# My first canter - Advice needed!



## farahmay (Sep 2, 2013)

This was last Tuesday, my very first canter woo! I've been riding 2 years, but the first year, perfected my trot (Took 4 months), then took a year long break, I have recently gotten back into riding (4 lessons) and... finally cantered!

Can anyone here criticize me/ give me advice please? I find the transition hardest to ride haha


----------



## farahmay (Sep 2, 2013)

Also just to claify, I only ride once a week, so 4 times a month for 3 months, then twice more, so 14 lessons before I took a break, and now 4 lessons 
_Posted via Mobile Device_


----------



## BlueSpark (Feb 22, 2012)

Practice, practice, practice.


----------



## tinyliny (Oct 31, 2009)

the quality of the video makes it very hard to see much detail. it appears you are gripping up a lot, though. your horse is "insulted" by it, and so has a swish to his tail and ears back. you are trying to stay on by gripping, and your legs come up , knees to far forwad, and heels up and gouging into his rib cage. and you are leaning forward.

are these things wrong? yes.

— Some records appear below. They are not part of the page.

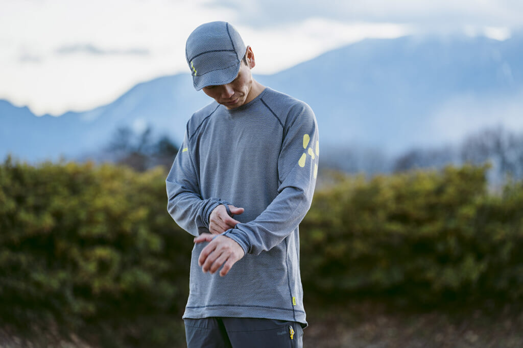 「L.I.M ZT II Air Base Men(リム ゼニス Ⅱ エアー ベース)」と「L.I.M ZT II Air Bottom Men(リム ゼニス Ⅱ エアー ボトム)」は、運動量の多いトレイルランニングやファストハイク、高温多湿な季節と山域、汗冷えが気になる稜線歩きなどにマッチするアンダーウエア。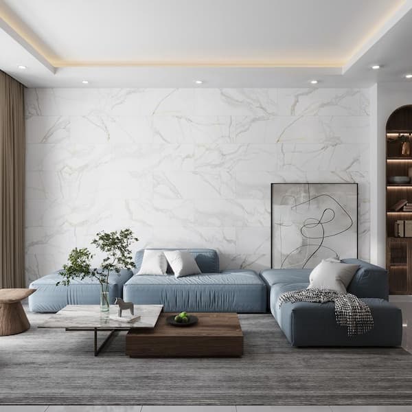 Strata 16 in. x 48 in. Matte Soft White Ceramic Large Format Wall and Floor Tile (15.5 sq ft/case)-3 Pack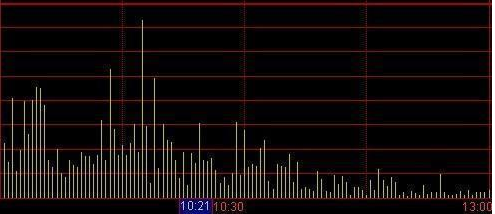 依据上图所讲的,我们再看看这张图。结合上图,如果这只票早上拉升只带量,且分时量形成了堆量状态,那么就更能表明该股主力的操盘意图。而且当股价每个高点都逐步抬高,量峰也依次被创新高时。

Are they typical of first time canters?> YES!

so, you just canter more and relax as much as you can. it will get easier and easier and you'll be able to drop your legs down and ride by sitting down on the horse more. good luck!


----------



## farahmay (Sep 2, 2013)

tinyliny said:


> the quality of the video makes it very hard to see much detail. it appears you are gripping up a lot, though. your horse is "insulted" by it, and so has a swish to his tail and ears back. you are trying to stay on by gripping, and your legs come up , knees to far forwad, and heels up and gouging into his rib cage. and you are leaning forward.
> 
> are these things wrong? yes. Are they typical of first time canters?> YES!
> 
> so, you just canter more and relax as much as you can. it will get easier and easier and you'll be able to drop your legs down and ride by sitting down on the horse more. good luck!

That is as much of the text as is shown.